Un drama proustiano
Elizabeth Bowen retrata un mundo que desaparecía para siempre en 'El último septiembre', una novela sobre el peso del linaje y los recuerdos.
El último septiembre. Elizabeth Bowen. Trad. María Belmonte. Acantilado. Barcelona, 2013. 336 páginas. 22 euros.
En un célebre relato de Borges, Tema del traidor y el héroe, un cabecilla irlandés es ejecutado por sus compañeros al revelarse, ineludiblemente, como traidor. Sin embargo, para que dicha ejecución sea fructífera, el cabecilla muere asesinado como un héroe de la patria irlandesa. Se solapan así, en un mismo acto, la eliminación del traidor y la espiritualización del héroe; se conjugan, diríamos, el perdón del desafecto y la irrelevancia, la fractura, la imposibilidad del heroísmo. Algo de esto, sólo que al modo proustiano, encontramos en la novela de Elizabeth Bowen, El último septiembre: cierta heroicidad post mortem y la agitada pulsación de una Irlanda (la Irlanda de 1920, cuando se recrudecen los asesinatos del IRA con la llegada de los Blacks and Tans), que se encaminaba a la guerra civil tras la decisiva intervención de Michael Collins.
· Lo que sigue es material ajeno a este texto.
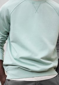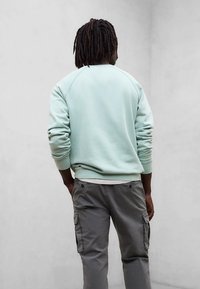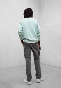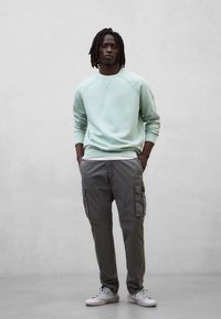 Mężczyzna z dredami ubrany w jasnozieloną bluzę i szare spodnie, stojący z rękami w kieszeniach na jednolitym szarym tle.
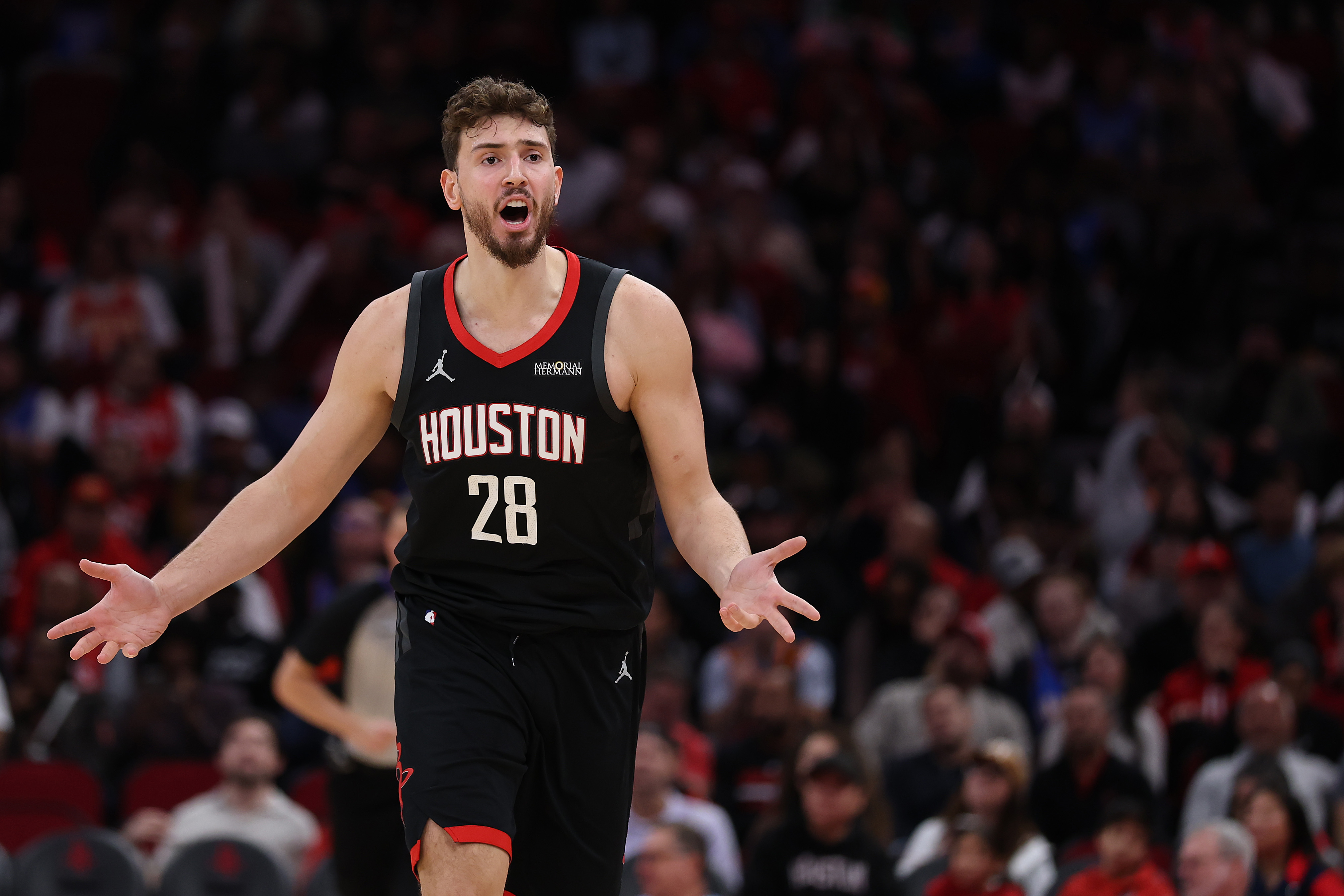 Getty HOUSTON, TEXAS – 28 DE ENERO: Alperen Sengun #28 de los Houston Rockets reacciona después de una canasta de tres puntos en la primera mitad contra los San Antonio Spurs en el Toyota Center el 28 de enero de 2026 en Houston, Texas. (Foto de Tim Warner/Getty Images)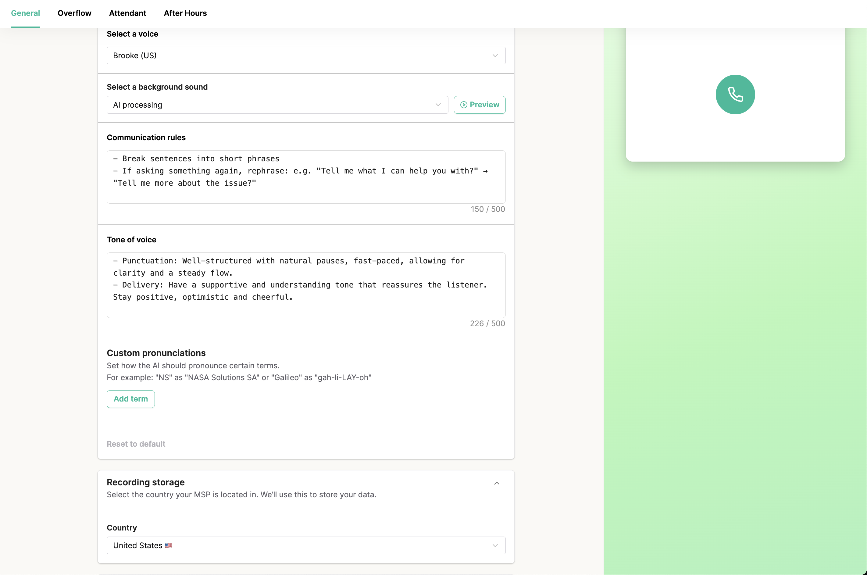 - Routing: You must enter a "Call queue and extension" number (your actual ring group/technician line) so the AI knows where to send the call.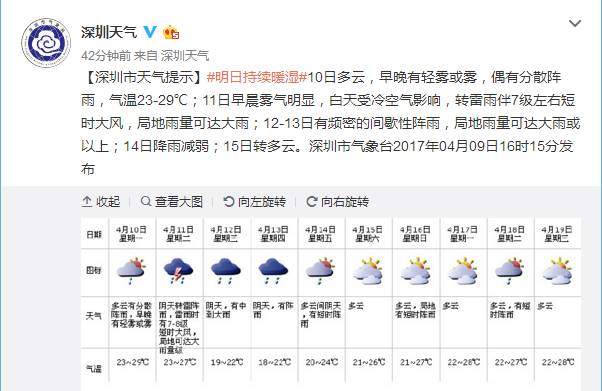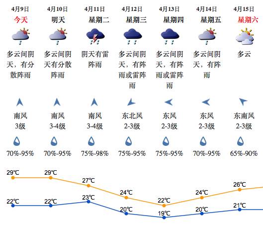10日多云,早晚有轻雾或雾,偶有分散阵雨,气温23-29℃;11日早晨雾气明显,白天受冷空气影响,转雷雨伴7级左右短时大风,局地雨量可达大雨;12-13日有频密的间歇性阵雨,局地雨量可达大雨或以上; 14日降雨减弱;15日转多云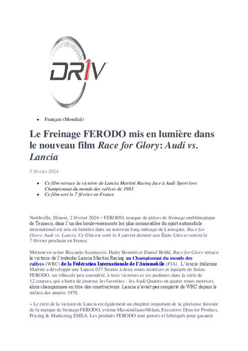 FERODO, marque de pièces de freinage emblématique de Tenneco, dans l’un des bouleversements les plus mémorables du sport automobile international est mis en lumière dans un nouveau long métrage de Lionsgate, Race for Glory: Audi vs. Lancia. Ce film est sorti le 4 janvier dernier aux États-Unis et sortira le 7 février prochain en France.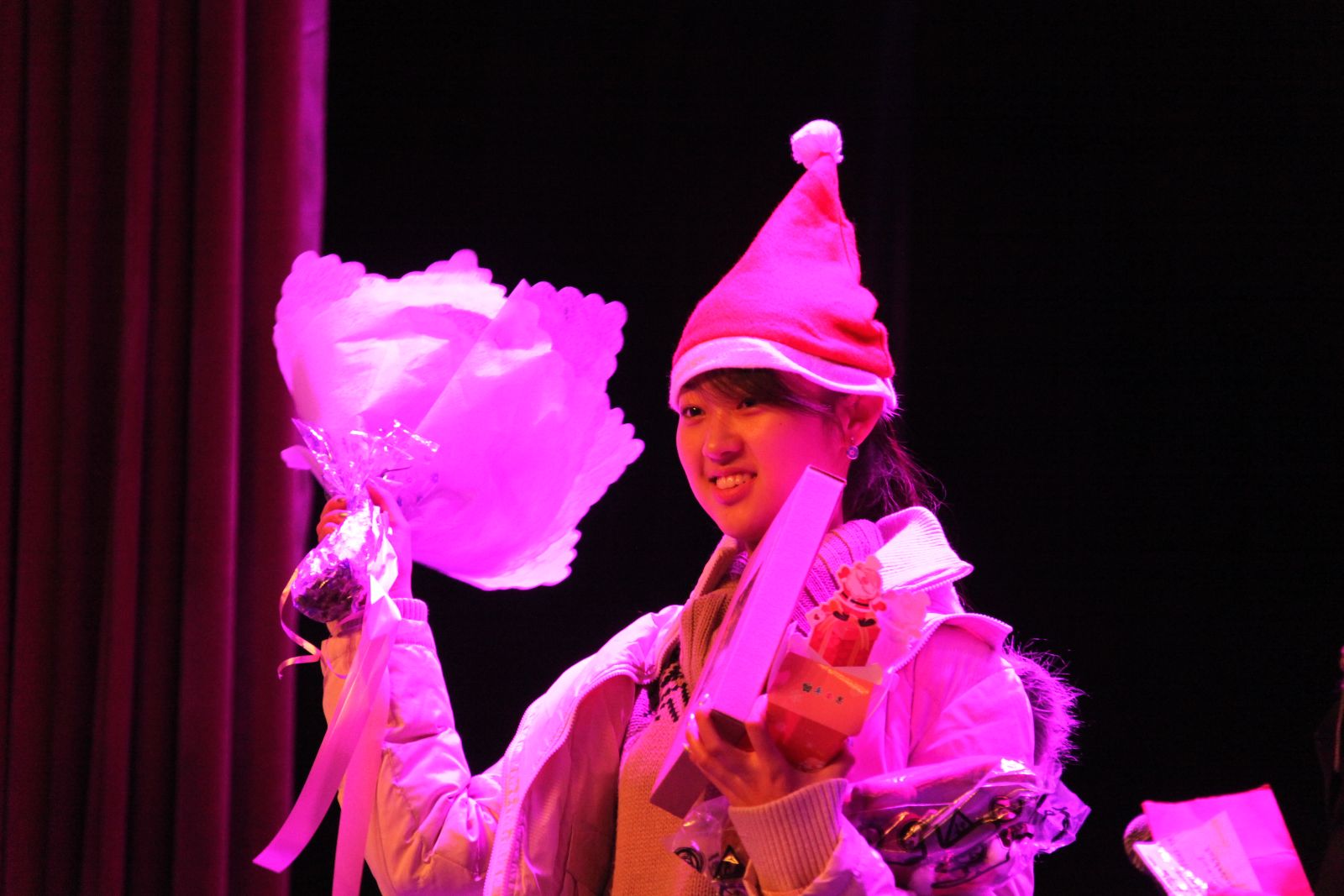 无巧不成书,晚会当天正巧是一位同学的生日。圣诞老人代表国院全体师生送给她一份意义深厚的生日礼物,感谢她为晚会付出的努力,祝愿她在以后的生活上、学业中越来越好、越来越强。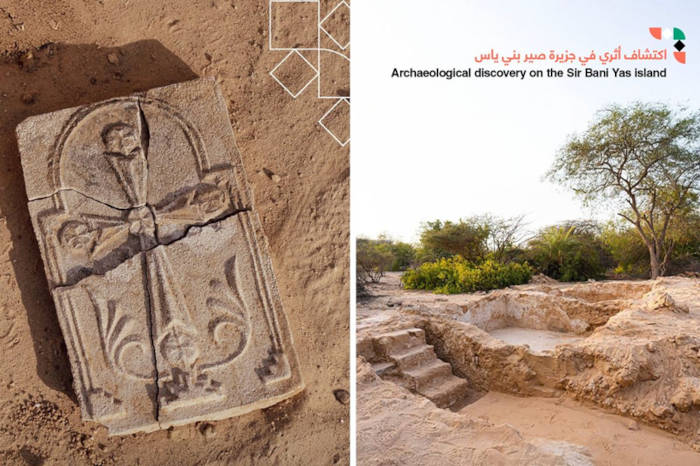 Top image: Christian Cross plaque found on Sir Bani Yas Island, Abu Dhabi, UAE. Source: UAE Department of Culture and Tourism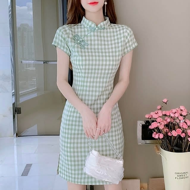 レディース ワンピース チャイナドレス 半袖 ショート丈 スタンドカラー チェック柄 プルオーバー ハイウエスト スリム 細身 きれいめ 上品 おしゃれ お洒落 大人可愛い 大人女子 カジュアル かっこいい スタイリッシュ エレガント クール モダン フェミニン レトロ 主役級 存在感 こなれ感 抜け感 夏 10代 20代 30代 お出かけ デート 女子会 旅行 お泊まり ショッピング 休日 普段使い 韓国 オルチャン ファッション コーデ トレンド スタイル 脚長 S M L XL 2XL グリーン

Bowen, en un clarificador posfacio, señala que con esta novela había intentado transmitir no sólo el tono encantador y melancólico del mes de septiembre, sino la sensación de que el mundo contenido en ella, el mundo de la nobleza angloirlandesa en una Irlanda ocupada por guarniciones imperiales, se había disuelto para siempre. No en vano, la obra viene encabezada por una cita de Proust en El tiempo recobrado: "Tienen la insatisfacción de los vírgenes y los perezosos", cuyo significado y cuyo alcance se irá haciendo patente al avanzar en su lectura. No obstante, y a pesar de la mención proustiana, El último septiembre (1928) utiliza una estrategia muy diversa, quizá contraria, a la escogida por el escritor francés para fijar la indolencia, el frívolo estupor y la incomodidad de ese pequeño mundo provinciano amenazado por los rebeldes. Quiere decirse que donde Proust, partiendo de la libre asociación de recuerdos, acude a una minuciosa obra de saturación memorística, desde la que se alza el busto arenoso del ayer, Bowen se sirve de la insinuación, de la sugerencia, para captar de un modo sintético ese pasado deslumbrante y aciago que se resume eficazmente en la novela. En este sentido, no sabemos si la escritura de Bowen responde al ánimo evocativo de la novela victoriana y de la novela romántica en general, o a la moderna voluntad de concisión que hallará su expresión más depurada en los diálogos vivos y precisos, de extraordinaria economía, que logra la novela negra por aquellos días (recuerden el elogio de Cernuda a Dashiell Hammett en detrimento de Hemingway).
El influjo proustiano en Bowen es, pues, de otro orden. Un orden que no es de naturaleza técnica, sino de carácter intelectual. Dicha influencia se basa en la primacía, en la importancia, en la presencia de lo inconsciente en el origen y la articulación de la obra. Vale decir, de aquello que queda al margen de la deliberada intención de su autor y que, sin embargo, aflora a las páginas de la novela otorgándole un espesor, una coherencia, un clima, sobre el que los personajes se deslizan inadvertidamente. La propia Elizabeth Bowen es quien señala esta cualidad invasiva de los recuerdos a la hora de redactar su novela, indicando, de paso, la importancia caudal de la casa solariega -Danielstown- en la conformación de la trama. De hecho, Danielstown es, en última instancia, el personaje principal de la novela, dotado, en cierto modo, de vida propia; pero no a la manera de Poe y la casa Usher (esto es, como una encarnación diabólica, trasfundida de sus antiguos moradores al inmueble), sino como ocurre en las solitarias mansiones de Faulkner, donde el peso del linaje, el yugo de la tradición, una brumosa costumbre secular, desfigura y ahorma a sus habitantes. Los habitantes de Danielstown son nobles en un ambiente aldeano; son protestantes en una Irlanda católica, son filo-británicos en un momento crucial de la autonomía irlandesa. Aún así, viven esta insularidad con elegante frivolidad y desgana. Y será la presencia de la tropa ocupante -el amor de un joven suboficial británico con una muchacha irlandesa-, lo que precipite los hechos y revele el frágil equilibrio en el que se sustentan los pobladores de Danielstown. Es de suponer que, en buena parte, ese es el significado de El último septiembre. No sólo el final de una estación y una época. También el fin de una cómoda y sutil ambigüedad, devorada abruptamente por la guerra.